● **Task description**
Transcribe the line that contains "8月6日15時40分,承德縣" and every line after it to the end of the records, exactly and nothing else. Skip the pictures.

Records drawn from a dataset
========================================

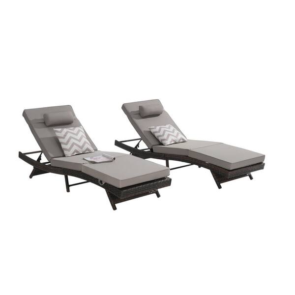 2-Pack Brown Wicker Rattan Patio Outdoor Lounge Reclining Chair with Light Grey Cushions Up to 150°, for Lawn, Poolside
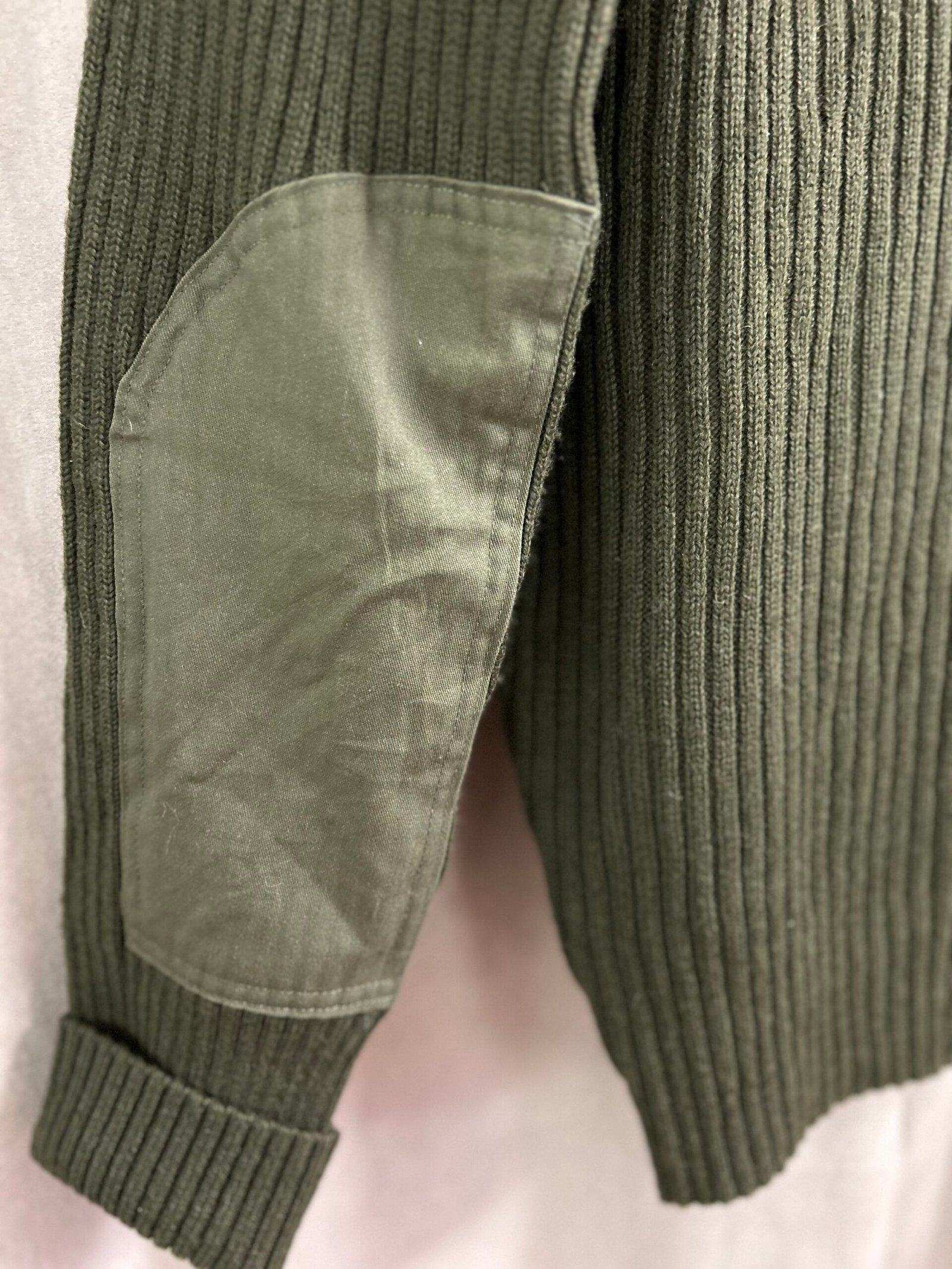 Riporta taglia 44, veste taglia L circa, in 100% pura lana vergine con toppe rinforzate su spalle e gomiti in poliestere e cotone per una maggiore resistenza e longevità
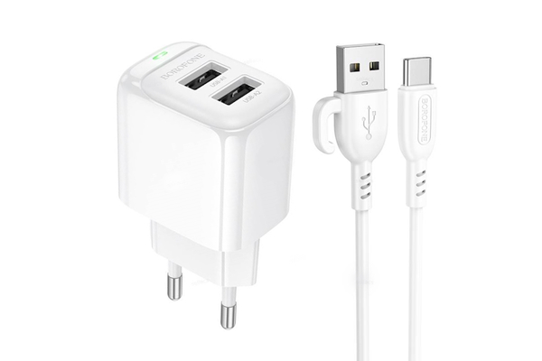 СЗУ на 2 USB Borofone BAS41A Potential + кабель USB - Type-C, белый
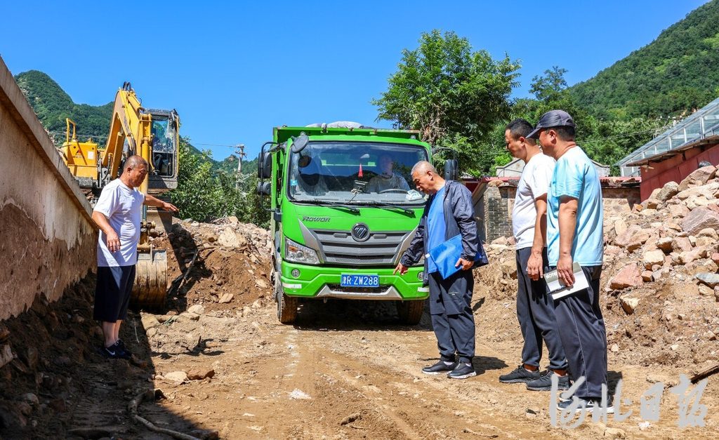 8月6日15時40分,承德縣路和礦業集團有限公司的2輛鉤機和2輛鏟車碾過泥濘開進興隆縣六道河鎮小關門村。市縣兩級農業農村局工作人員與企業施工隊迅速會合,共同組成一支幫扶工作組,幫助小關門村開展災后重建。
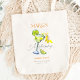 A bolsa tote do fim de semana da noiva exibe um vibrante copo de margarita em aquarela e uma fatia de limão à esquerda, capturando perfeitamente o tema "Margs & Matrimony". O design adota um estilo minimalista, com acentos coloridos que equilibram diversão e elegância, refletindo o tom comemorativo do evento.

========================================

● **Your response**
 8月6日15時40分,承德縣路和礦業集團有限公司的2輛鉤機和2輛鏟車碾過泥濘開進興隆縣六道河鎮小關門村。市縣兩級農業農村局工作人員與企業施工隊迅速會合,共同組成一支幫扶工作組,幫助小關門村開展災后重建。
 A bolsa tote do fim de semana da noiva exibe um vibrante copo de margarita em aquarela e uma fatia de limão à esquerda, capturando perfeitamente o tema "Margs & Matrimony". O design adota um estilo minimalista, com acentos coloridos que equilibram diversão e elegância, refletindo o tom comemorativo do evento.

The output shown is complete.